Profit sharing is the wave of the future.

Disagree. Profit sharing has been a standard in many private companies for a hell of a long time. In the publicly traded world it's called dividends. Nothing new about profit sharing.

I am not as dumb as some want you to believe here.

I don't know you enough to render an opinon on that, but always think the person I am debating is likely smarter than me, which isn't saying much...

I do share profits and it makes my company stronger.

The company I work for does also - and it makes me work harder - the more profit I generate, the more I am rewarded, which is the way it should be.

Unless corporate raiders come to take it, divide it up and raid the pension plans we have put in place. Someone like Mitt Romney

That's where I lose your line of reasoining. If your company is private, or you own the controlling stake, why is that an issue? If your business is floundering and you give up control in exchange for financial help so it doesn't go bankrupt and everyone is out of a job (plus profit sharing) you had a choice to get help and give up control or or go bankrupt.
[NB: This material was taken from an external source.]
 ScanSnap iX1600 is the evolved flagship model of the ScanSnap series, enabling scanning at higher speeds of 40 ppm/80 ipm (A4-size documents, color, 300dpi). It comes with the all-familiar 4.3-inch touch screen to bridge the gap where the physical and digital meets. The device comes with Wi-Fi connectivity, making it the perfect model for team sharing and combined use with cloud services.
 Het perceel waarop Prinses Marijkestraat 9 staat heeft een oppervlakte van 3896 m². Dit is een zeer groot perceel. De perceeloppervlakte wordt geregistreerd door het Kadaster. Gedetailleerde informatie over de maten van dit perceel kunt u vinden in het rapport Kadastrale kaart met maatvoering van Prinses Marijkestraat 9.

If you are publicly traded, you made the same decision - you gave up control to shareholders in exchange for their money.

I guess a third scenario is that a "corporate raider" buys up defaulted debt and pushes control, but again, the other option is bankruptcy.
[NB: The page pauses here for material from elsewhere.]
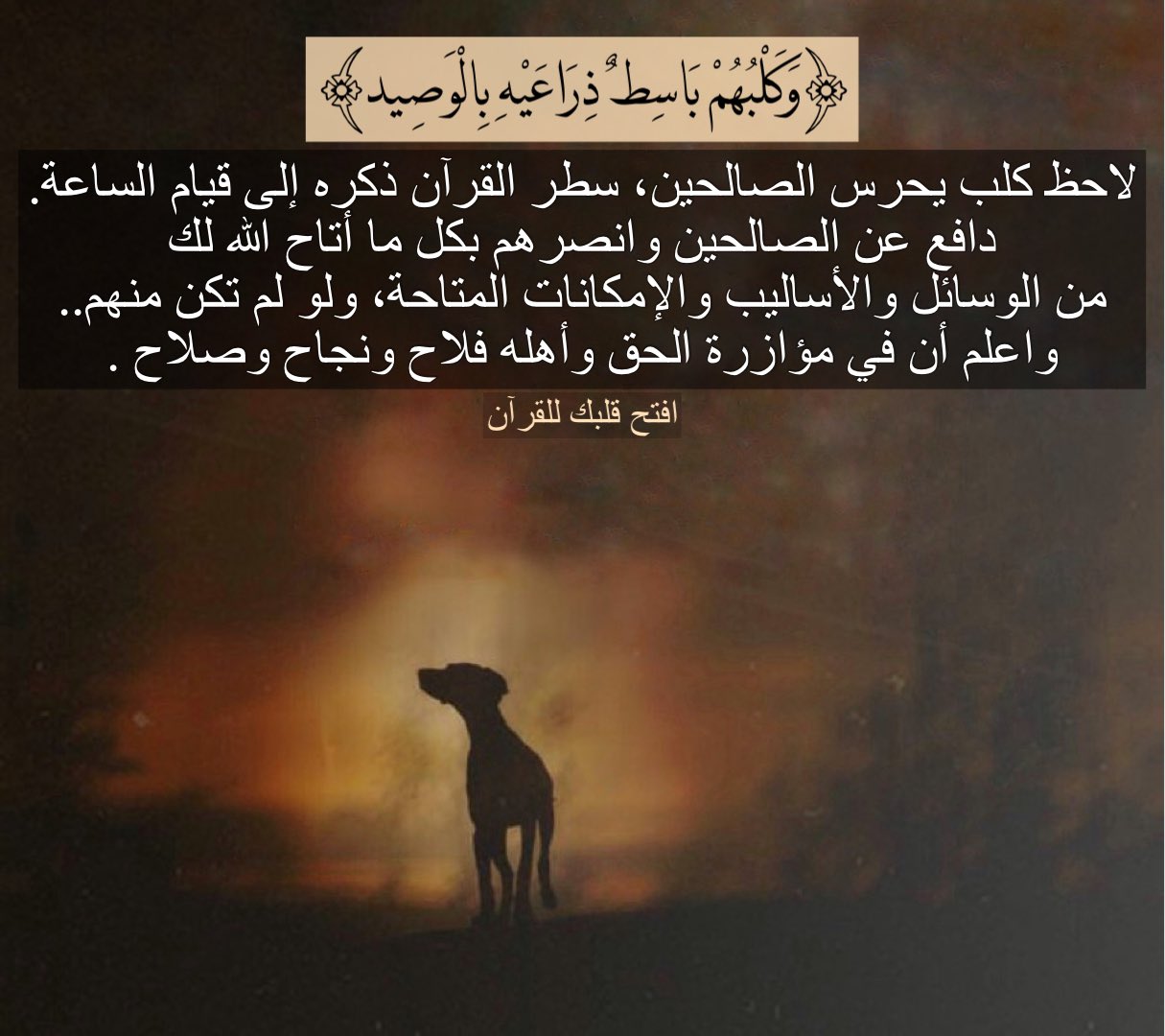 لاحظ كلب يحرس الصالحين، سطر القرآن ذكره إلى قيام الساعة. دافع عن الصالحين وانصرهم بكل ما أتاح الله لك من الوسائل والأساليب والإمكانات المتاحة، ولو لم تكن منهم .. واعلم أن في مؤازرة الحق وأهله فلاح ونجاح وصلاح.

As for the pension plans that are part of the deal - if you or your staff really cared about those as being sacred, you would have seperated those funds (employees and emploers contributions) from the companies books. If you didn't then I would only assume that you have, or want to have the ability to leverage those funds which if so, makes them fair game for you to use to grow your business, and for others to take if your business fails.

What other reason is there, from a business perspective, to provide a pension fund, unless the business wants to leverage or find a way to profit from it? Having such a blanket liability (plus administration costs) with no business benefit seems wrong to me.

Take care.

322 posted on 01/11/2012 6:22:16 PM PST by !1776!